The real risk we need to face, the real hazard we must brave, is already
present long before we launch the airplane, climb the mountain, shoot
the rapids — or paint the picture, plant the flower, or whatever mode of
searching we embrace. The bear we’re hunting is already within reach. He
is waiting, neither fleeing nor hiding. We will find him when we are
ready. First, we have to look in all the wrong places. If we learn to
look attentively, we will learn, finally, to look inside.
Paul J. Sampson
What can we gain by sailing to the Moon if we are not able to cross the abyss that separates us from ourselves? This is the most important of all voyages of discovery, and without it, all the rest are not only useless, but disastrous.
Thomas Merton
There are things I can’t force. I must adjust.

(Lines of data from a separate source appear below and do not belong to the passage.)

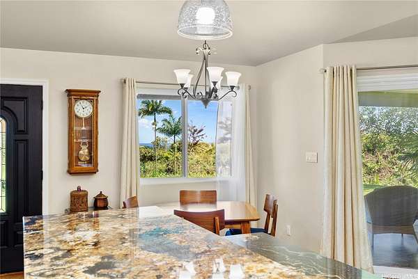 The buyer is trying to sell their home first. This newer 2023 custom built home boasting 3.131 acres of land is now available. Located along the Heritage Hamakua Coast. Having that country feel, while only being about 7 minutes from Old Hilo Town, and about 13 minutes from the Hilo International Airport. A total footprint is about 3308sqft, living space about 1344sqft, covered lanai about 1092sqft, carport and laundry area about 528sqft, and sidewalks about 300sqft. Newly built storage building about 528sqft. 3 bedrooms, 2 full bathrooms. The Kitchen, with an ocean view, highlights "Magma Gold" custom granite counter tops, custom mango/wenge cabinets, and plenty of storage space. Two full bathrooms with custom granite tops and custom mango/wenge cabinets that gives a nice Hawaiian feel. Sliding glass doors in both the primary bedroom and living room have direct access to the large, covered lanai/patio with plenty of room for a hot tub, BBQ and lounge chairs with views of the ocean. Enjoy paradise! All comments, data is provided by seller.
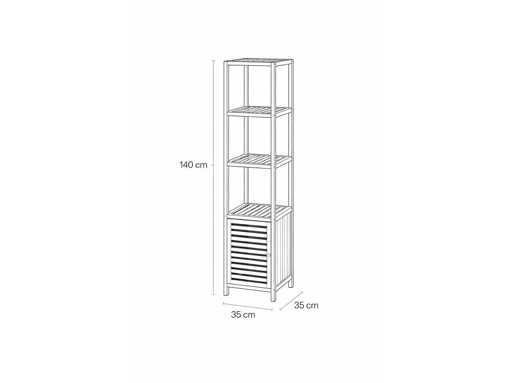 Tři otevřené police poskytují dostatek prostoru pro ručníky, kosmetiku nebo dekorace, zatímco spodní uzavíratelná skříňka umožňuje uložit věci, které chcete mít po ruce, ale ne na očích.
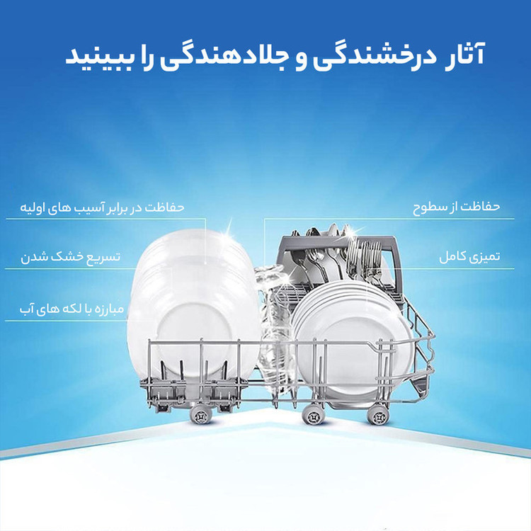 جلا دهنده یا براق کننده ظروف محصولی است که عمدتا لکه های آب بجامانده بر روی صفحات، کاسه، کارد و چنگال ،ظروف شیشه ای و استیل را از بین می برد.در فرایندشست وشوی ظروف درخشش یکی از مهمترین ویژگی است که در هیچ یک از دستگاه ها یا مواد شوینده در نظر گرفته نشده است بنابراین، می توان گفت که جلا دهنده فینیش یک پولیش ویژه برای ظروف به حساب می آید همچنین در خشک کردن ظروف نیز بسیارمفید است. شما می توانید جلا دهنده فینیش را در ماشین ظرفشویی خود برای رسیدن به نتایج موثر در شستشو استفاده کنید.این محصول تمیز کننده و درخشان کننده،از بین برنده لک روی صفحات، فنجان، کارد و چنگال و تمامی ظروف می باشد.

There are times when the greatest change needed is a change of my viewpoint.
C. M. Ward
Your battles inspired me — not the obvious material battles but those that were fought and won behind your forehead.
James Joyce
There is only one journey. Going inside yourself.
Rainer Maria Rilke
Real inner peace and inner satisfaction ultimately depends on our mental attitude.
Dalai Lama
At the controls of a small, high-performance aircraft day in and day out, you reach a point of oneness with the plane. Some people would call that the Zen of flying, but that’s too deep for me. You’re just a part of the plane, not separate from it, as if you are the brain and it is the body, doing some things you don’t have to think about, like breathing, and other things that are converted from thought to action in an instant.
John Glenn
To be ‘unhampered by senses and intellect’ is to dwell openly within
the world of the creative imagination. The master of a traditional art
represents this state where action and creation spring effortlessly ‘out
of formlessness and soundlessness.’ Paradoxically, this state is reached
when unrelenting discipline and practice have purged the rituals of the
traditional art from the interference of both senses and intellect, so
that the ‘isness’ of the simplest act, such as preparing one’s clay for
the wheel, contains all that there is to being in the universe.

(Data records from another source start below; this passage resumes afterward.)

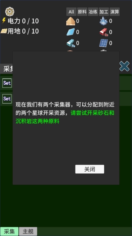 9、现在我们有两个采集器,可以分配到附近的两个星球开采资源,请尝试开采砂石和沉积岩这两种原料
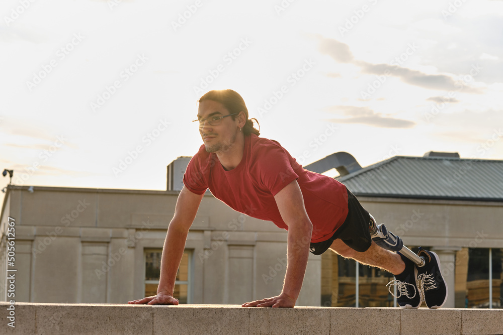 Man with a disability doing push-ups while enjoying exercising outdoors.
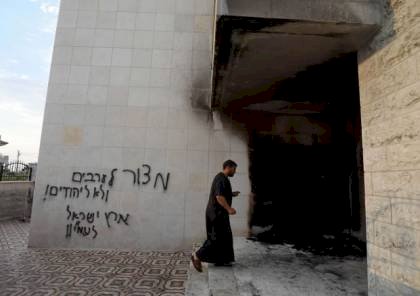 لم يضيع عايش الوقت، فاتصل بالإطفائية. وقد افترض أن أولاداً طمعوا وأحرقوا الخزانة المصنوعة من الخشب والبلاستيك التي يضع فيها المصلون أحذيتهم. رجال الإطفاء الذين وصلوا خلال دقائق قالوا له إن الأمر لا يتعلق بأولاد، وأشاروا إلى كتابات باللغة العبرية باللون الأسود على الحائط اللامع من اللون الأبيض الجديد. بعد ذلك، وصل أشخاص ترجموا له الكتابات: “الإغلاق للعرب وليس لليهود” وعلامة تعجب و”أرض إسرائيل لشعب إسرائيل” ثم أعقبت بعلامات تعجب. بؤرة أخرى للحريق كانت في المراحيض. هناك سجادة على الأرض تم إحراقها. أصبح الحائط والبلاط بلون أسود وكذلك زجاج النافذة الذي تصدع.
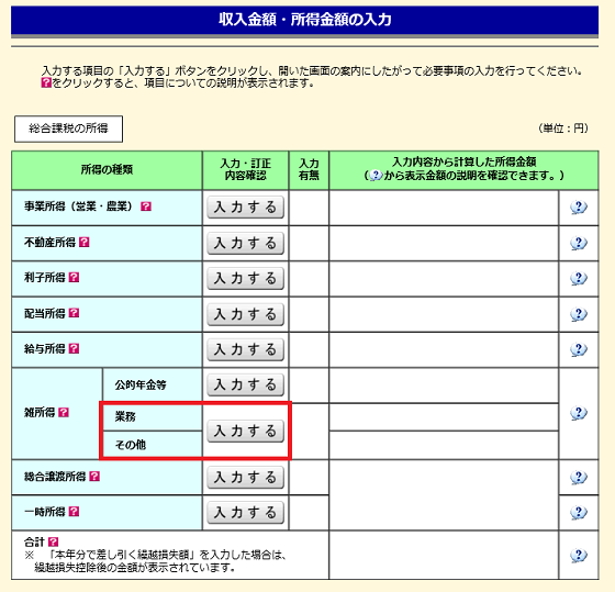 STEP1:「雑所得」⇒「業務(その他)」から入力
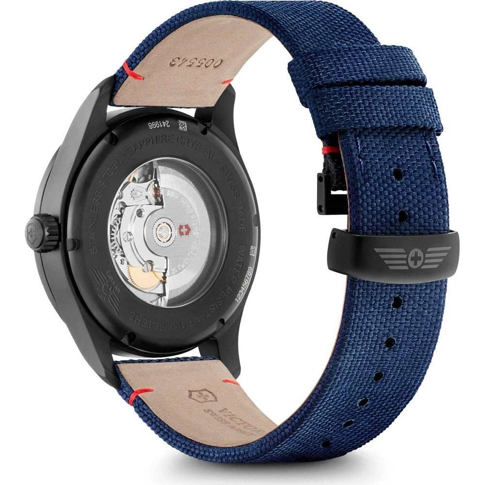 This Victorinox Swiss Army watch has a case made of stainless steel with a diameter of 42 mm and is fitted with a textile band. Inside the case lies a Sellita movement and the watch features a Sapphire crystal.
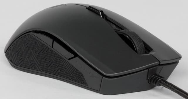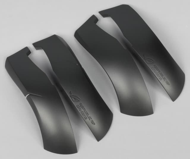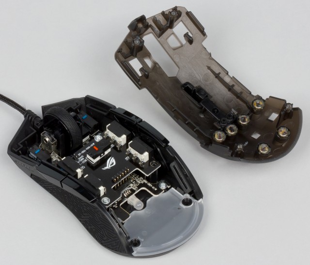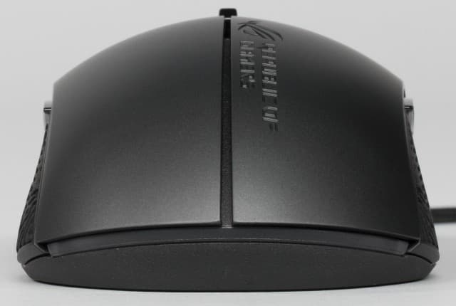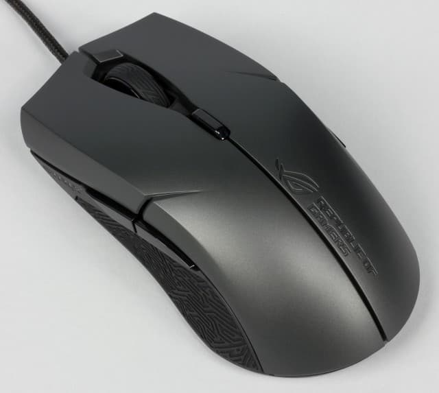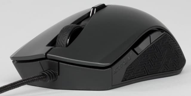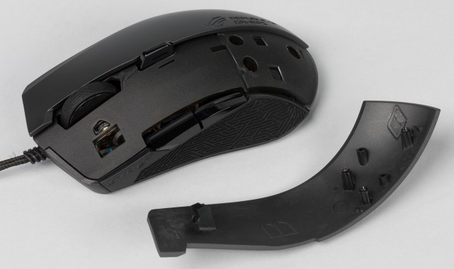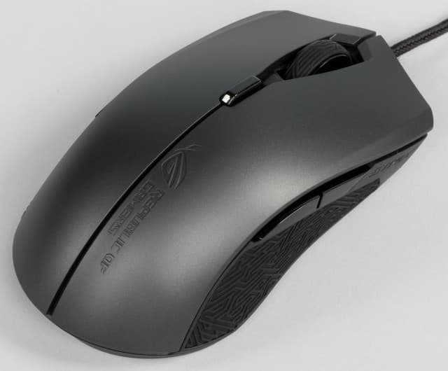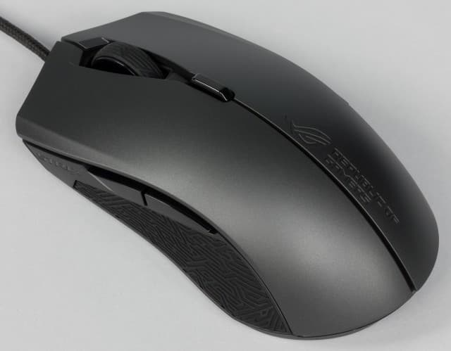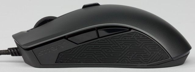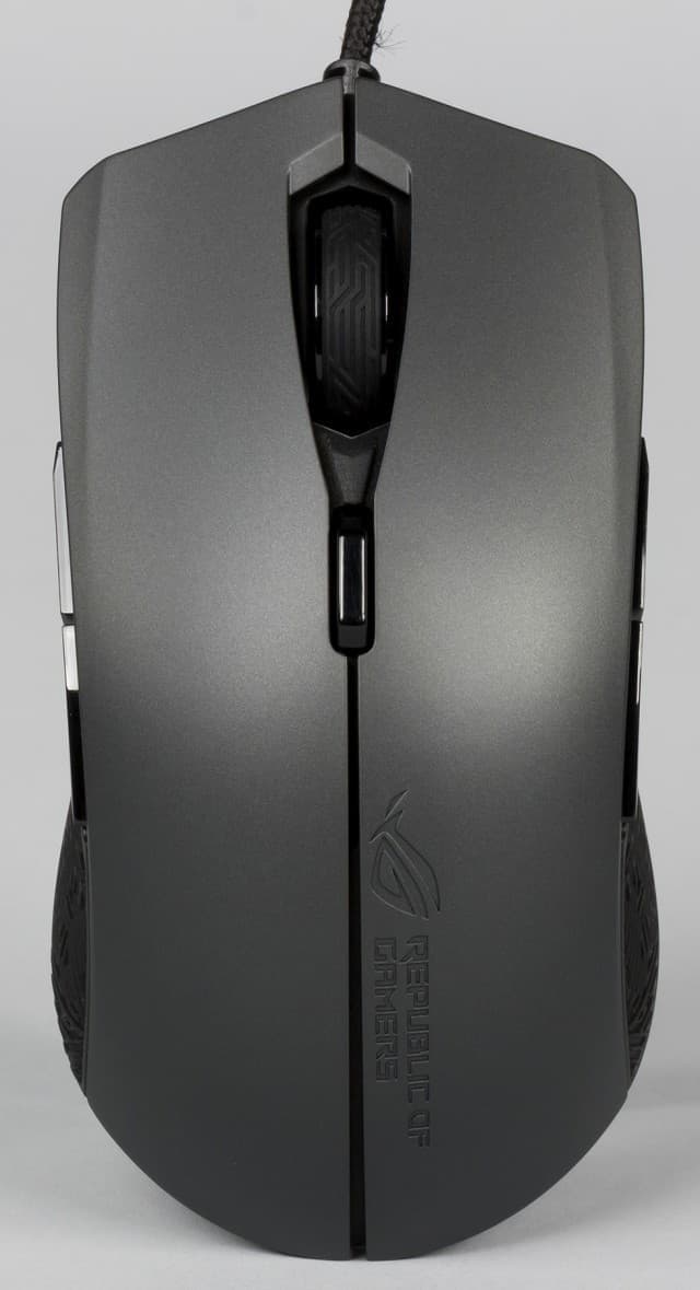 Верхние панели изготовлены из приятного на ощупь тёмного матового пластика с небольшой примесью металлика. Скошенные боковые грани помогают удерживать мышку в руке. Кроме того, на них установлены вставки из резины с оригинальным рисунком серии ROG, что увеличивает комфорт.

The master thus draws the apprentice slowly away from preconceived
ideas, theories, and even history, toward life as fullness of present
action. This profound lesson cannot be communicated orally, in the
didactic or philosophical mode. We can know and share much more than we
can say. In addition to head knowledge, there is hand knowledge, eye
knowledge, and heart knowledge; and heart, eye, and hand fuse through
selfless practice and example.
Kenneth Beittel
A thoughtfully flown traffic pattern; a perfect holding pattern entry; one of those greaser landings rewarded with the simultaneous chirp-chirp of the main gear just as the sun sets on a calm summer evening; a quiet no-bounce wheel landing on turf. Don’t tell me there’s no art in aviation.
Thomas B. Haines
Art is neither a profession nor a hobby. Art is a Way of being.
Frederick Franck
A lot of men fish all of their lives without ever realizing that fish isn’t really what they’re after.
Michael Baughman
Paraphrasing Henry David Thoreau.
Art enables us to find ourselves and lose ourselves at the same time.
Thomas Merton
I think all art is about control — the encounter between control and the uncontrollable.
Richard Avedon
A night flight, almost over, with the blinking beacon of the home field already in sight, and overhead stars and stars. A good time to not think; to sit quietly, doing nothing. To be here now. No present or future, no self, no coming or going, origin or destination. Lights, a roar, a dipping wing, the chirp of a tire: let go of it all, and it will all go smoothly by itself.